His hospital also appeals claims on behalf of patients. This is a powerful strategy that’s underappreciated by hospitals, McGraw says. Unless they negotiate better terms in their MA contracts, hospitals typically have one level of appeal. But patients in MA plans have an internal grievance process and then the same five levels of appeal that hospitals and beneficiaries enjoy under traditional Medicare, McGraw says. “If you’re a provider, it’s internal review only,” he says. “But patients have the five steps of the Medicare process in Medicare Advantage plans.”

‘Soft Approach’ Is Recommended

The catch: Hospitals need patients’ authorization to appeal payment denials on their behalf. This isn’t a big deal, however. McGraw said they just have to ask patients to sign authorized representative forms, which can be added to existing registration or discharge forms. Self Regional Healthcare asks patients for authorization on admission paperwork and hasn’t gotten pushback from anyone, Baker said.

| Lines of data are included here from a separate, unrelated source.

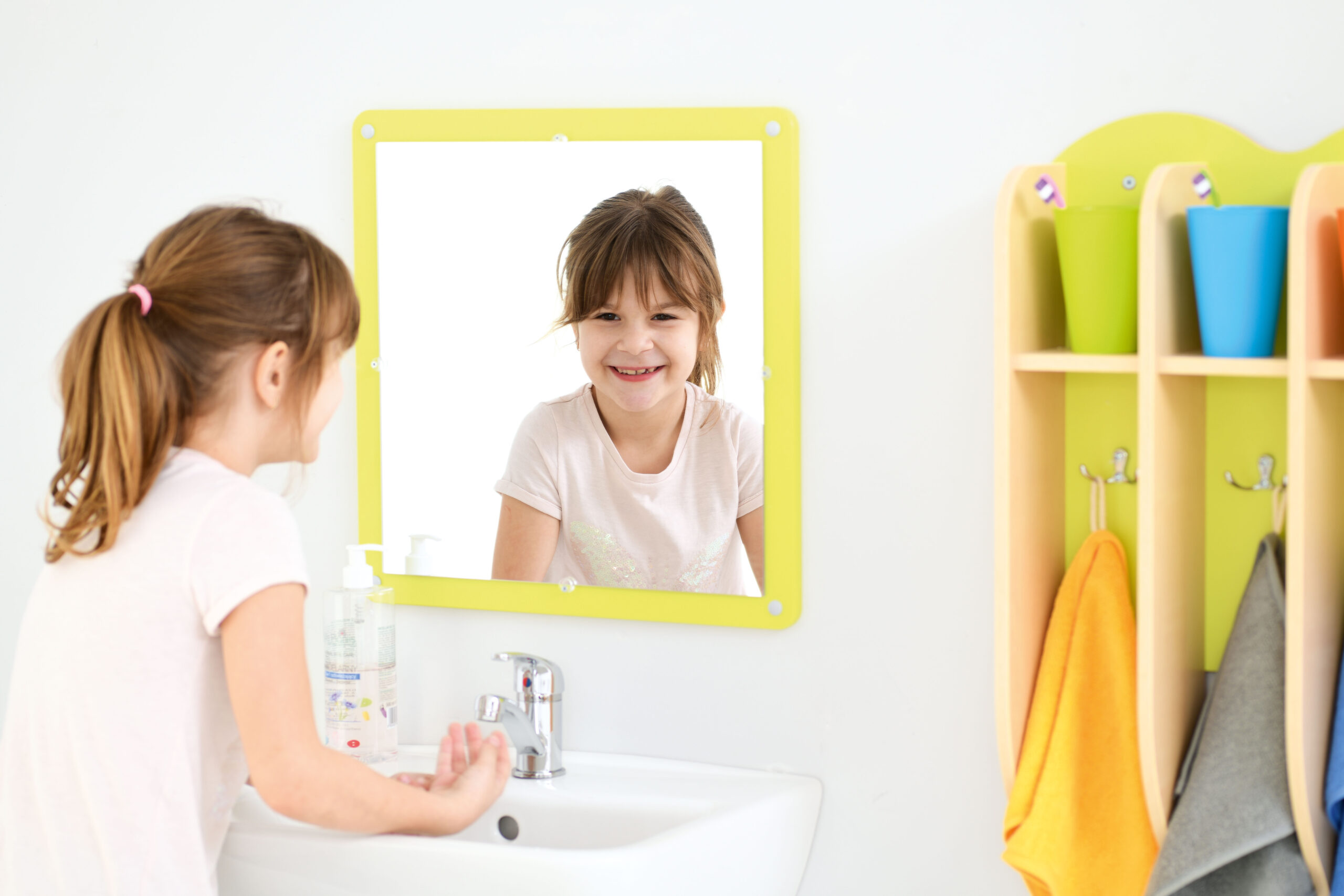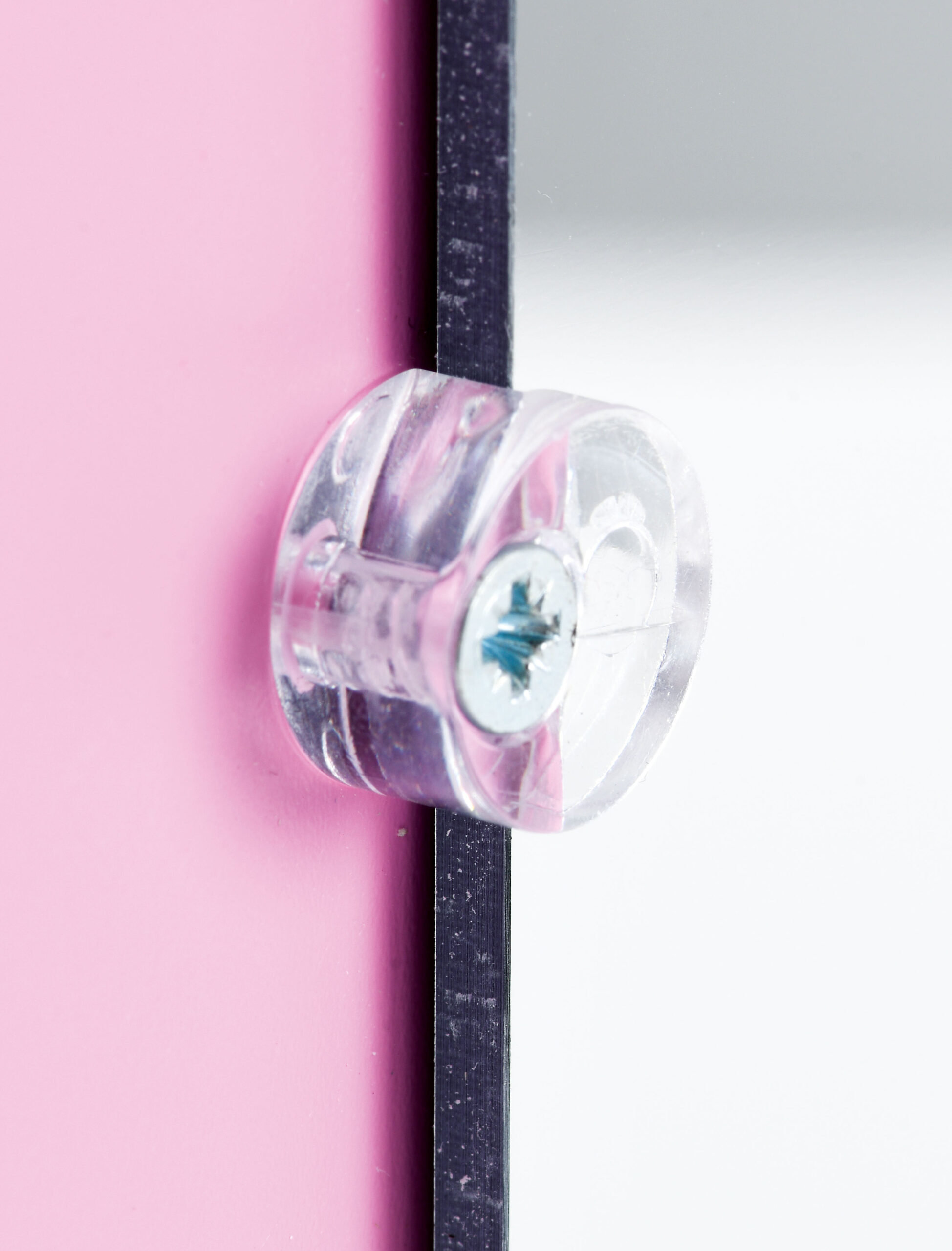 Matmenys: veidrodis – 40 x 40 cm, plokštė – 46 x 46 cm, storis – 1,2 cm
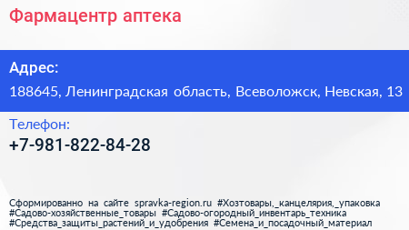 Фармацентр, аптека по адресу 188645, Ленинградская область, Всеволожск, Невская, 13 в дальнейшем Организация, размещена в следующих категориях:
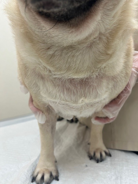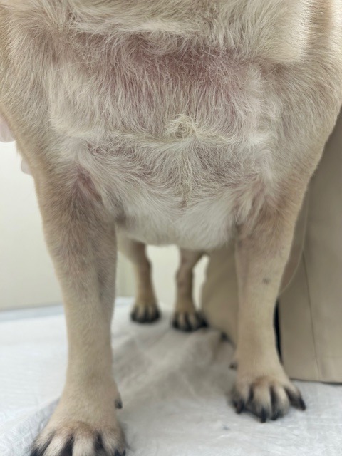 同じように繰り返す膿皮症(細菌性皮膚炎)や、外耳炎で悩まれている飼い主様は、一度当院までお問合せください。
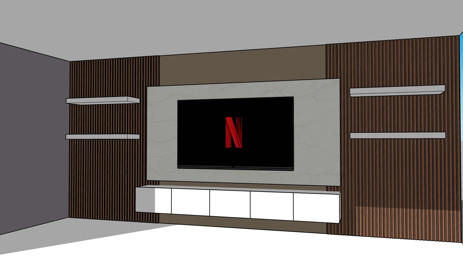 modern interior living room design featuring a sleek entertainment wall the central focus is a large flat screen tv with a minimalist design surrounding the tv the wall is clad in rich walnut wooden slats adding a touch of warmth the back panel is a luxurious marble texture in a light beige tone below the tv a matte white floating cabinet offers storage contrasting beautifully with the wooden backdrop on either side of the tv two minimalist matte white shelves provide balance the room s atmosphere is modern and inviting with a neutral color palette and soft lighting creating a cozy sophisticated ambiance

Asking patients to authorize the hospital to appeal claim denials on their behalf usually requires a soft approach, McGraw said. When hospitals don’t get authorization upfront, they may ask for it in a post-discharge letter. “We talk about the hospital service to the community, and inform the patient that the insurance company in its infinite wisdom has deemed the stay medically unnecessary or changed the diagnosis that the doctor selected, which we disagree with, and that we would like to appeal on the member’s behalf,” he said. “Often your language is about your caring for your patient, and hopefully the patient had a good experience at the hospital. But not everyone does, so you might want to check out whether they were a satisfied patient before you send it out.” Include a stamped, self-addressed envelope and keep the letter to one page, McGraw advised.

Whether hospitals do it upfront at registration or after the fact, this is pretty easy. “I don’t understand why hospitals aren’t doing it,” McGraw said. Even when they have the form in place, they don’t tend to pursue appeals on behalf of patients.

They think it’s too burdensome, but it’s the same appeal they file on their own behalf, plus an address change. Each MA plan may have its own authorization form, so hospitals must make sure they use the correct one, McGraw said. The forms are different from consent to treat and assignment of benefits forms.

Appealing on patients’ behalf should be part of hospitals’ payer dispute management approach, an organized method for protecting their MA payments that begins with the contract terms and takes them straight through the appeals process, McGraw said. The contract should set forth the levels of internal appeal, the time frame for submitting medical records and receiving a response, the name of the medical director and all the other details required for the hospital to manage its denials and appeal rights. “You will get denials whether or not they repeal Obamacare,” he said.